While computational tractography produces less objective results than FA estimates, reconstructed white matter fiber tracts are especially important to guide neurosurgical procedures potentially reducing the risk of lesioning important fiber tracts, for example, related to language functions. For this and similar purposes, several tools (e.g., Yeatman et al. 2012) are now available that allow extracting major long-range fiber tracts from dMRI data, including commissural tracts (e.g., corpus callosum) connecting both cortical hemispheres, association tracts (e.g., arcuate fasciculus) connecting regions within the same hemisphere, and projection tracts (e.g., corticospinal tract) connecting cortical regions to subcortical areas, the cerebellum, and the spinal cord. Figure 25 shows selected major fiber tracts that have been reconstructed from the dMRI data of a healthy individual; further details about the depicted (as well as other) fiber tracts are described, for example, by Catani and Thiebaut de Schotten (2008) and Yeatman et al. (2012).

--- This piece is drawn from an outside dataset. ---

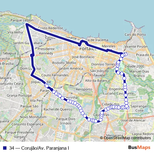 See why over 2 million users trust and consider busmaps.com as the best public transport website. busmaps gives you Fortaleza Buses suggested routes, real-time bus tracker, line route maps in Fortaleza, and helps to find the closest 34 bus stops near you. No internet available? Download an offline PDF map and bus schedule for the 34 bus to take on your trip.

5.3.1 The Human Connectome

An important aim of recent brain research is to understand how brain areas communicate with each other. This aim is pursued by investigating anatomical connectivity with dMRI to reconstruct in vivo the macroscale human connectome (Sporns et al. 2005), which is the map of all the structural connections in the human brain. This is complemented by functional connectivity studies using fMRI (see Sect. 4.1) and other modalities such as EEG and MEG. In integrative multimodal modeling approaches, the anatomical connectome may serve as an important structural constraint for functional connectivity models since only brain areas that are connected via fiber bundles may communicate directly with each other. Diffusion MRI may even help to estimate the strength of connectivity between brain areas. The currently most prominent attempt along these lines is the Human Connectome Project (http://www.neuroscienceblueprint.nih.gov/connectome/). This project aims to derive a complete map of all major connections between brain areas by measuring dMRI as well as functional connectivity and genetic data in more than 1,000 individuals (twin pairs and their siblings from 300 families). Besides deriving a connectivity map – the human connectome – the measured data of structural and functional connectivity will be shared to stimulate research in the emerging field of human connectomics as well as providing the basis for future studies of abnormal brain circuits in neurological and psychiatric disorders.